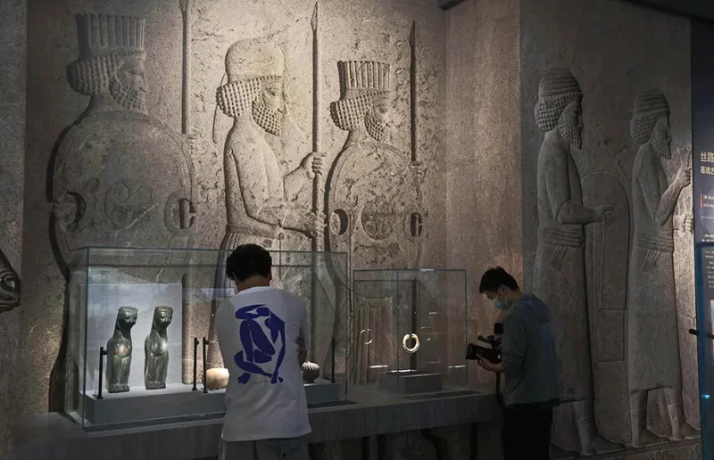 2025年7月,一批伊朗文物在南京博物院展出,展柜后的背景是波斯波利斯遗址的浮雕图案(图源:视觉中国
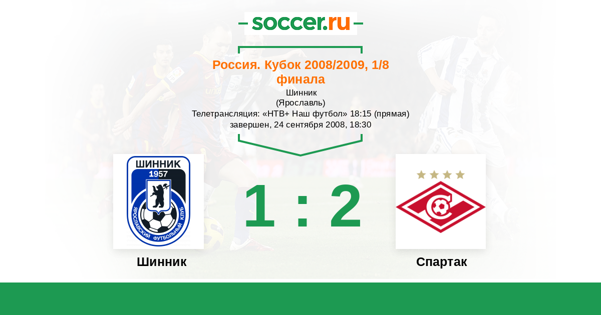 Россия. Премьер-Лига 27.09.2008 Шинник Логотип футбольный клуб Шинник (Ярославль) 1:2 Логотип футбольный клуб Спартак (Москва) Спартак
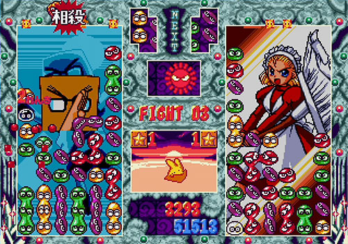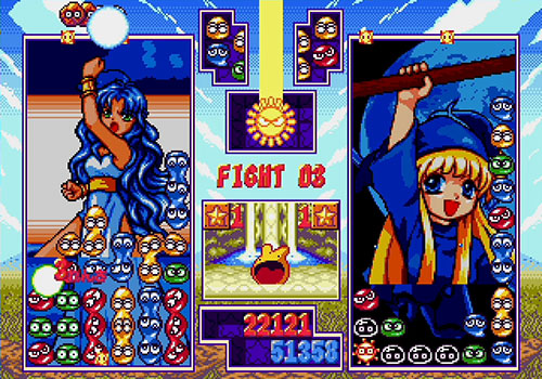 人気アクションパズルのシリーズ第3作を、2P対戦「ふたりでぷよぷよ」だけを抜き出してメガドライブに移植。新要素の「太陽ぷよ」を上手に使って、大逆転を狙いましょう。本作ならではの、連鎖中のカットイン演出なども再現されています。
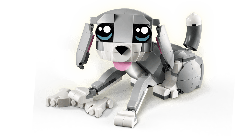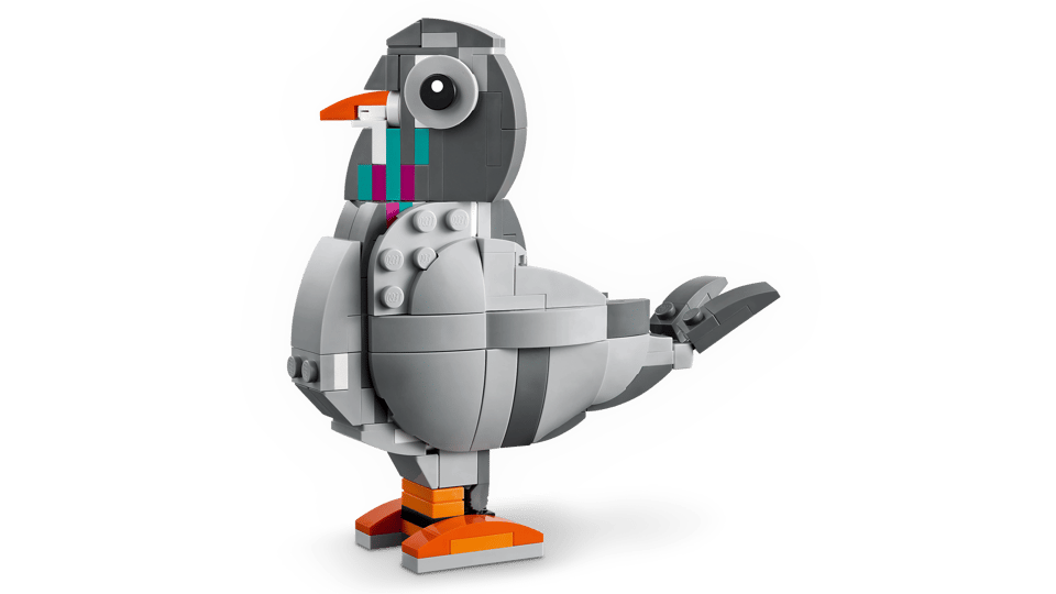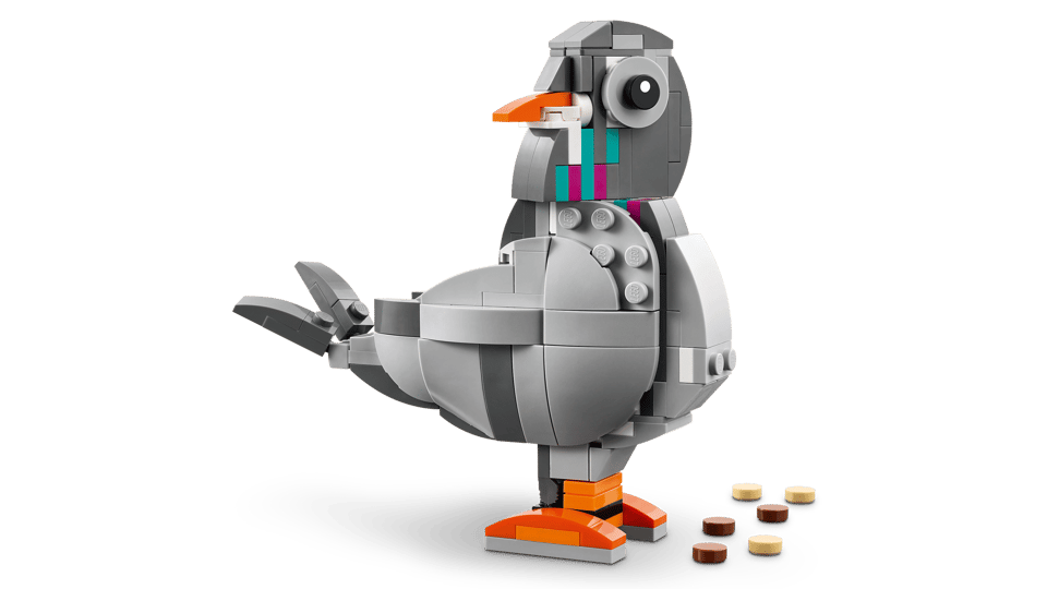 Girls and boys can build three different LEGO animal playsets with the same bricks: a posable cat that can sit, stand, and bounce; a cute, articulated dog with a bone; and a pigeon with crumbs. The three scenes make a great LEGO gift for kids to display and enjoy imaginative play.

* * *

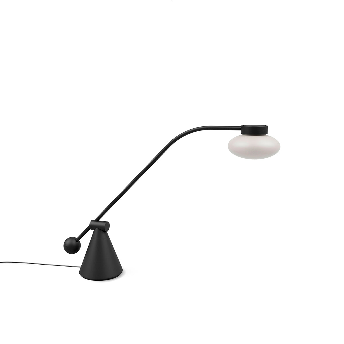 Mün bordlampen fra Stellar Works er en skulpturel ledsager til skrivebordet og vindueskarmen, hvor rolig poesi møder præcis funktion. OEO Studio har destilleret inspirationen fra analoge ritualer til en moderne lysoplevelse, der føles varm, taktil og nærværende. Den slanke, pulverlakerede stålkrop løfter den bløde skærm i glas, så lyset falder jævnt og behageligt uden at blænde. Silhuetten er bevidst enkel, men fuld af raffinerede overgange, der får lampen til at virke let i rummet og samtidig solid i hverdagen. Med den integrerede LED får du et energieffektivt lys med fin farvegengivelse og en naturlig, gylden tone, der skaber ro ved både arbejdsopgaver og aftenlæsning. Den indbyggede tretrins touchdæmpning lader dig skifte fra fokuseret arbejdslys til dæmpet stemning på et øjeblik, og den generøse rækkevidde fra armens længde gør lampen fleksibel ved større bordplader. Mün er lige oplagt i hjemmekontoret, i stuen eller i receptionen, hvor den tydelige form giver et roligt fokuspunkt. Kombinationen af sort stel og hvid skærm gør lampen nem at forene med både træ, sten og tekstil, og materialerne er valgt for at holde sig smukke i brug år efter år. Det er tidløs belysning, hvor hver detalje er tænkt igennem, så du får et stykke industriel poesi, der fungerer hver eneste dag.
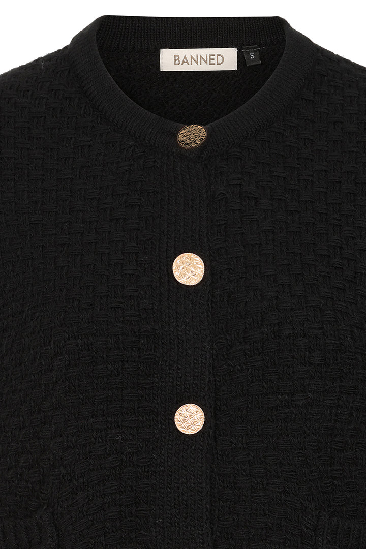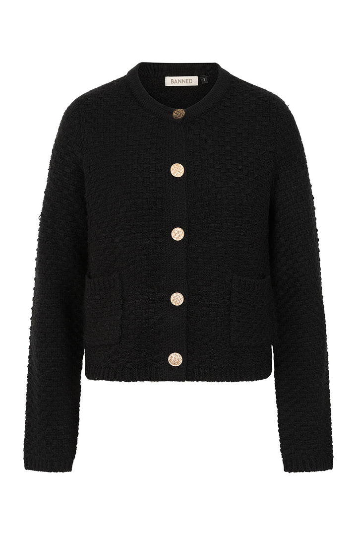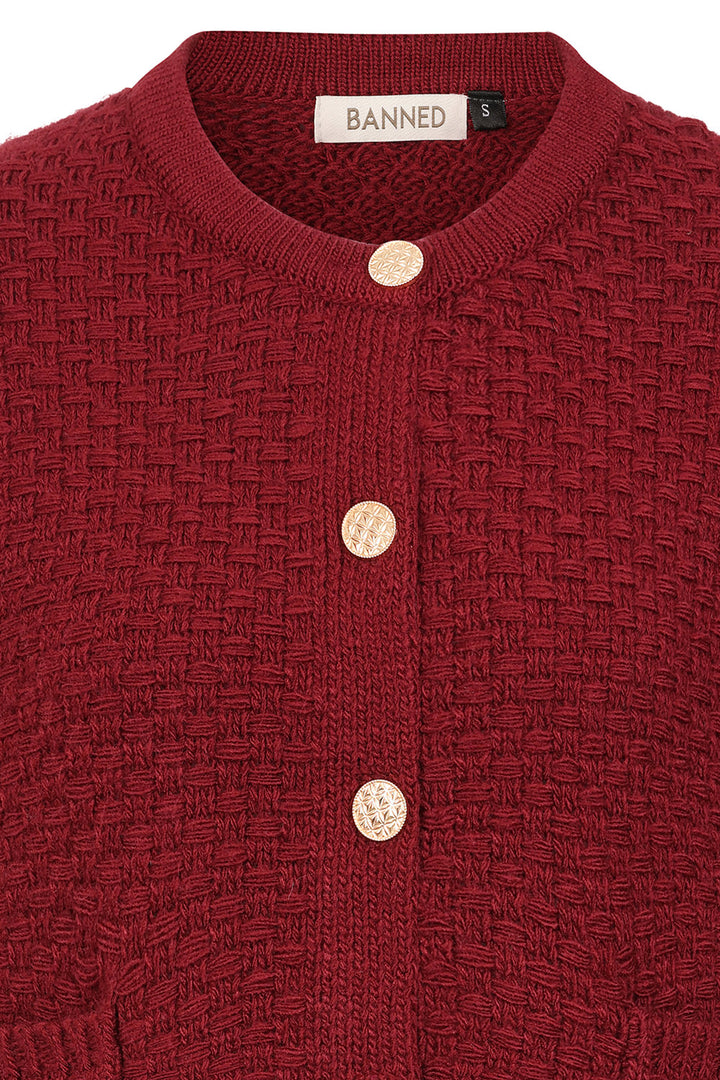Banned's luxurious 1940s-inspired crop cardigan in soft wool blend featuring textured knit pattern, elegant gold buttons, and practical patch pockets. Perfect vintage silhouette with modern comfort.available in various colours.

What this task involves
Give back, exactly and without pictures, the stretch of the records above from the line containing "Россия. Премьер-Лига 27.09.2008" through the line containing "人気アクションパズルのシリー", with both end lines included.

Task result
 Россия. Премьер-Лига 27.09.2008 Шинник Логотип футбольный клуб Шинник (Ярославль) 1:2 Логотип футбольный клуб Спартак (Москва) Спартак
 人気アクションパズルのシリーズ第3作を、2P対戦「ふたりでぷよぷよ」だけを抜き出してメガドライブに移植。新要素の「太陽ぷよ」を上手に使って、大逆転を狙いましょう。本作ならではの、連鎖中のカットイン演出なども再現されています。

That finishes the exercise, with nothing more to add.